Likely a modern variant of Kenzie or Kinsey, a surname-based English name.
Kensey carries the quiet weight of English landscape in its syllables. It is most likely a transferred surname derived from place names in Cornwall and Devon, where the River Kensey flows through the ancient city of Launceston — a watercourse whose own name is thought to derive from Cornish or Brythonic roots related to the word for "ridge" or "boundary." Like many surname-turned-given-names, Kensey began appearing on birth certificates as families sought to honor maternal lineages or simply to capture the crisp, modern sound of a two-syllable surname.

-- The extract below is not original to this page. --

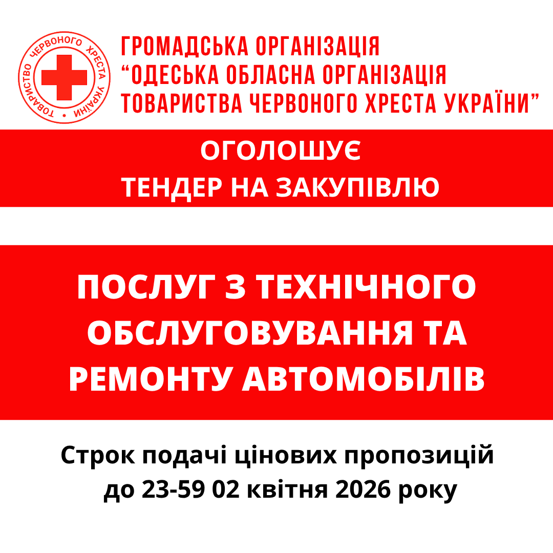 ГО «Одеська обласна організація Товариства Червоного Хреста України» оголошує тендер на закупівлю послуг з технічного обслуговування та ремонту автомобілів.
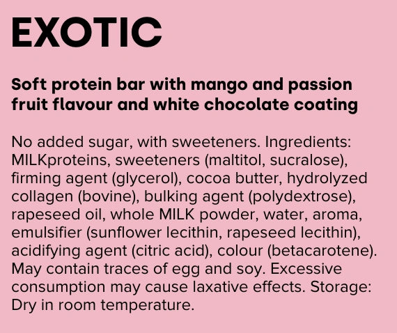 Tropikai kišenėje. Mango + passion + baltas šokolado sluoksnis — skonis kaip „poilsis“, bet pateikiamas kaip minkštas baltymų batonėlis. Kai šokoladas kartais būna per „rimtas“, Exotic yra tas linksmas variantas, kuris iškart palengvina dieną.

The name shares phonetic kinship with Kinsey, itself an Old English compound of "cyne" (royal) and "sige" (victory), made widely known in the mid-twentieth century through Alfred Kinsey's landmark — and controversial — studies of human sexuality. That association gave Kinsey a complicated cultural charge, which may partly explain why parents drawn to the sound began preferring the softer Kensey spelling, sidestepping any unwanted historical echo while retaining the breezy, confident cadence. In contemporary naming culture, Kensey belongs to a flourishing category of gender-flexible surname names — companions to Finley, Cassidy, and Landry — that feel simultaneously preppy and easygoing.
The "-sey" ending softens what might otherwise read as strictly masculine, lending it a lilting quality that has made it particularly appealing for girls born since the early 2000s. It is a name that sounds like open countryside and quiet confidence.